Erratic screenplay hampers a good cast
13 October 2007 | by (United States) – See all my reviews

Any old film aficionado would be drawn to a film starring Rosalind Russell, Don Ameche, Van Heflin and Kay Francis, so it's no surprise that this poster tuned into "The Feminine Touch," a 1941 comedy. The story concerns a college professor, John Hathaway (Ameche) who has written a very intellectual book on jealousy and travels with his wife (Russell) to meet his publisher Elliot (Heflin) and editor Nellie (Francis). Elliot likes to play around, and Nellie is in love with him. Julie keeps trying to make her husband jealous, not by deed but by hints that a certain man likes her, for instance, and is he worried - thinking that a jealous outburst would be proof of his love. However, he trusts her unreservedly and never suspects her of anything. He's especially sure that despite Elliot's interest in her, Julie would never reciprocate - because Elliot has a beard, and Julie hates them.

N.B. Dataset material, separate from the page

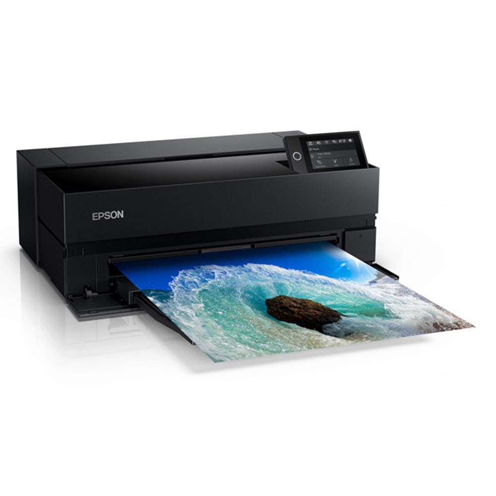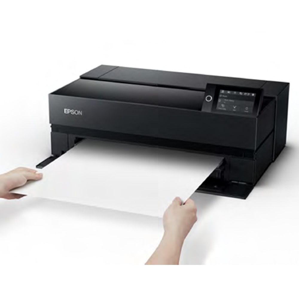 Epson raises the bar again with its cutting-edge design of the new high quality A2+ photo printer, the Epson SureColor SC-P906™, which delivers professional features including high-capacity cartridges with an expanded colour range, new printing modes, networking and wireless connectivity, large touchscreen display, plus advanced media handling. UltraChrome® PRO10 pigment ink, combined with Epson's innovative MicroPiezo® print head, enables the SC-P906 to produce gallery-quality black & white output, plus improved vivid colour prints with breathtaking blues and violets thanks to the new Violet ink that is now on board. The Epson SureColor P906 also has dedicated lines for all colours so now you do not have to wait to switch between the Photo / Matte Black ink carts saving you time and keeps you printing more efficiently. The Epson SureColor P906 is setting new benchmarks in A2+ professional photographic printing, delivering the highest D-max to date and unsurpassed black and white photography along with outstanding colour exhibition quality prints. The SC-P906 is 30% smaller than its predecessor and is ideal for amateur and semi-professional photographers and for any business that has a regular requirement for high-quality colour presentations.

This film is a case of too many cooks, as this screenplay was worked over by several writers. The premise is flimsy, for starters, and I fear Russell is miscast. Rosalind Russell in films is a beautiful woman, but she has a strength and intelligence about her as well. It's not an ingénue beauty. In the world of "The Feminine Touch," despite her tailored suits, every man who meets her falls madly in love with her. I could have bought it if it had been Lana Turner. I'm not buying it here. Women like Russell are the "whole package" and men fall for her in a different way and probably after a conversation or two - not on sight. And then, to have a smart woman like Julie upset because her husband never gets jealous is ridiculous. It might bother an immature 18-year-old, but this character? The end of the film -- which comes about 15 minutes later than it should have - is the best part, as it turns into a more screwball comedy with Julie setting fire to Elliot's beard and other crazy things happening. Otherwise, the film drags on with too much dialogue. I'm not opposed to dialogue - All About Eve has a large amount of dialogue. This dialogue was superfluous, probably because a scene or two could have been tossed.

Heflin proves himself as adept at comedy as he is at drama, Francis is delightful, as is Ameche, who makes a good professorial type. Someone mentioned the clothing - Francis wears one hat that looks like a rendition of the Mickey Mouse Club ears, except with taller ears and the entire hat covered in fur. It was one of the funniest things in the movie.